In the realm of GPS, latiudes and longitudes, the
difference in the result is quite significant in terms of
acuracy of distances in meters and centimeter.

Chuk

"Roger Stafford"
<ellieandr...@mindspring.com.invalid> wrote in

message <fsrvq5$5cu$1...@fred.mathworks.com>...

[Chukwuemeka Igwe]

Thanks Roger.
In the realm of GPS, latiudes and longitudes, the
difference in the result is quite significant in terms of
acuracy of distances in meters and centimeter.

Chuk

"Roger Stafford"
<ellieandr...@mindspring.com.invalid> wrote in
message <fsrvq5$5cu$1...@fred.mathworks.com>...

[Chukwuemeka Igwe]

Roger,

Does htere exist a similar closed formula for finding the
nearest distance to a circle with three points specified
or we may have to apeal to the idea of a langragian
mulitplier or similar contrivance?

Sincerely,

Chuk.

"Roger Stafford"
<ellieandr...@mindspring.com.invalid> wrote in
message <fsrvq5$5cu$1...@fred.mathworks.com>...

[Roger Stafford]

"Chukwuemeka Igwe" <chuk...@yahoo.com> wrote in message <ft2m2v
$gf5$1...@fred.mathworks.com>...

> Roger,
>
> Does htere exist a similar closed formula for finding the
> nearest distance to a circle with three points specified
> or we may have to apeal to the idea of a langragian
> mulitplier or similar contrivance?
>
> Sincerely,
>
> Chuk.

---------
The main problem there is to find the center and radius of such a circle.
Once found, the distance you request is merely the absolute difference
between the distance from the given point to the center and the radius of the
circle. There is certainly no need for Lagrange multipliers.

On the Mathworld website:

http://mathworld.wolfram.com/Circle.html

there is a solution of the circle problem in equations (28) through (34).

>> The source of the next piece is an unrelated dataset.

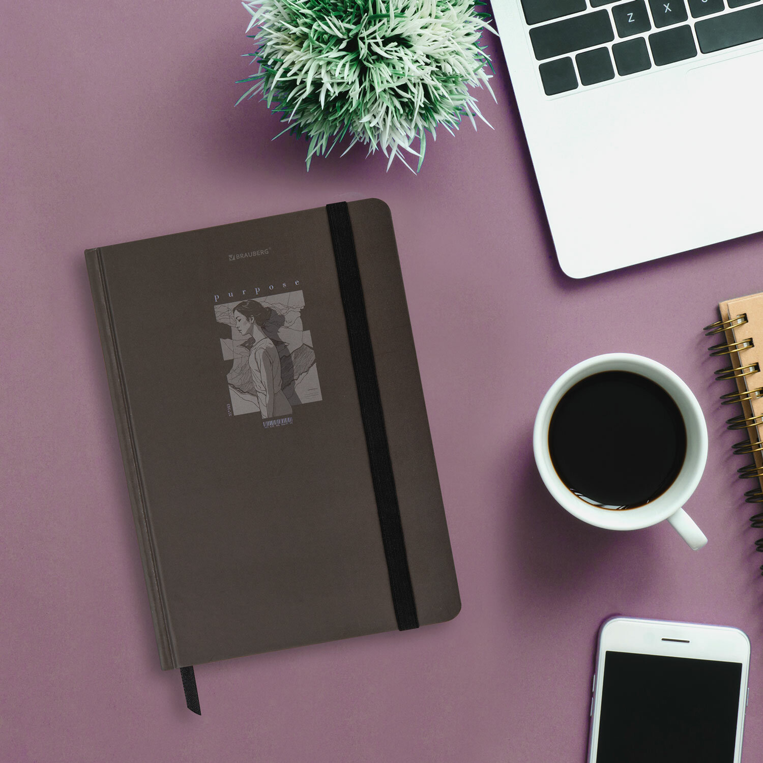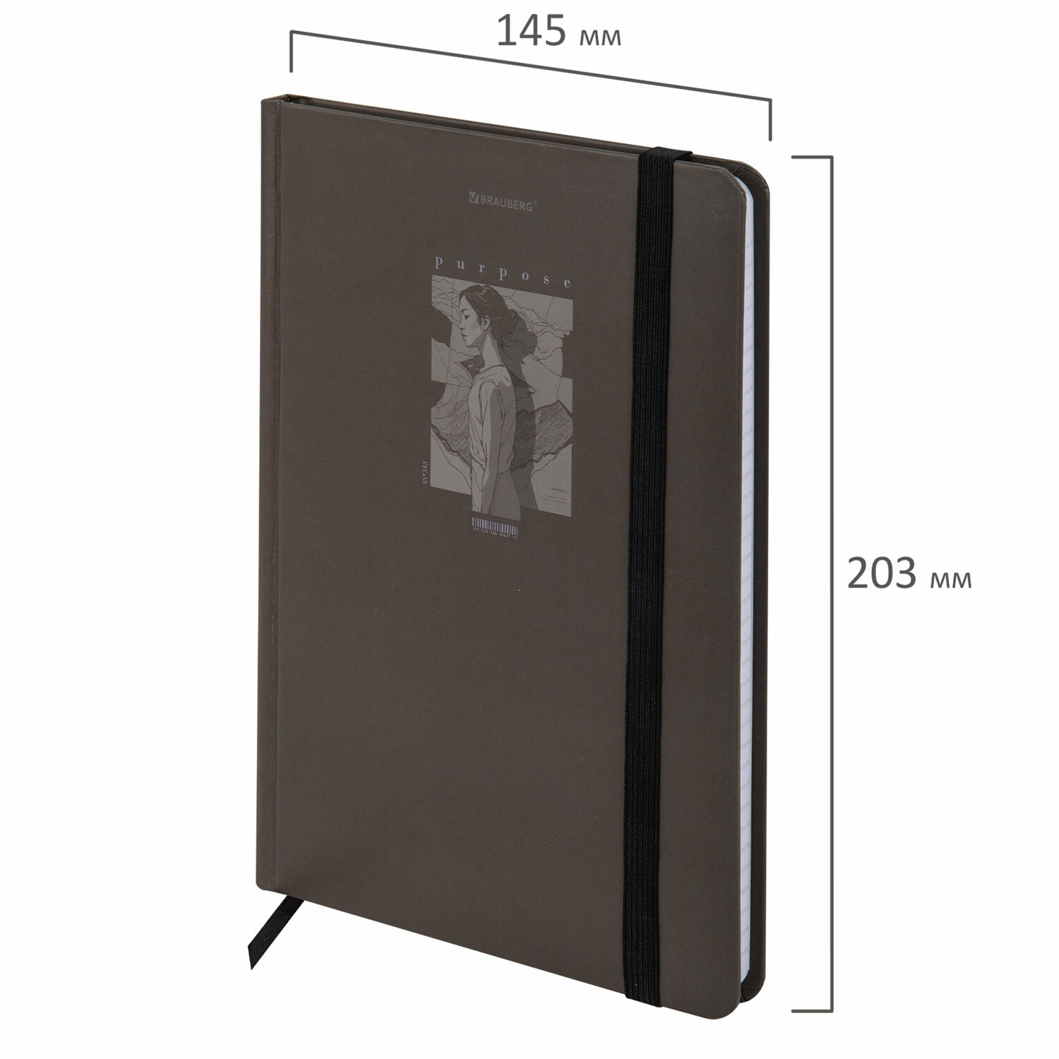 Блокнот с резинкой в клетку 96 л., А5 145х203 мм, твердая обложка, BRAUBERG, "Purpose", 116316

A method of finding the circle using matlab is the following. Let p1 =
(x1,y1), p2 = (x2,y2), and p3 = (x3,y3) be three points in 2D space, each
represented by a two-element row vector. Then a circle through these three
points has its center at the location given by vector c with radius r as given in
the following:

t = p2-p1; u = p3-p1; v = p3-p2;
w = abs(det([t;u]));
c = p1+(dot(t,t)*dot(u,v)*u-dot(u,u)*dot(t,v)*t)/(2*w^2);
r = 1/2*norm(t)*norm(u)*norm(v)/w;

Then you can get your required distance as:

d = abs(norm(P-c)-r);

where P is the given point.

Roger Stafford

[Laurent Huberty]

Hey, do you know how how you can find out if P is either on
one or the other side of the line.

I ask because i wanna define a so called support polygon which
is defined by 3 points X1, X2, X3 (3 footpoints)
the Point P represents the horizontal projection of the
center of gravity.
The system is called stable if the point P is inside the
support polygon and greater than 0. This means I first start
to check the distances of the perpendicular to the vectors
defined by X1,X2,X3 and than check if they are inside the
polygon(triangle). The should be positive inside and
negative outside

Laurent

[alessandro mura]

if you have a line in the explicit form
y=m*x+q,

then if Py > m*Px+q
you are above the line, otherwise you are below...

Ale
--
Alessandro Mura
Istituto Nazionale di Astrofisica - IFSI
http://pptt4.ifsi-roma.inaf.it/~mura/index.html

[John D'Errico]

"alessandro mura" <fa...@address.com> wrote in message
<fukr2u$lil$1...@aioe.org>...

> if you have a line in the explicit form
> y=m*x+q,
>
> then if Py > m*Px+q
> you are above the line, otherwise you are below...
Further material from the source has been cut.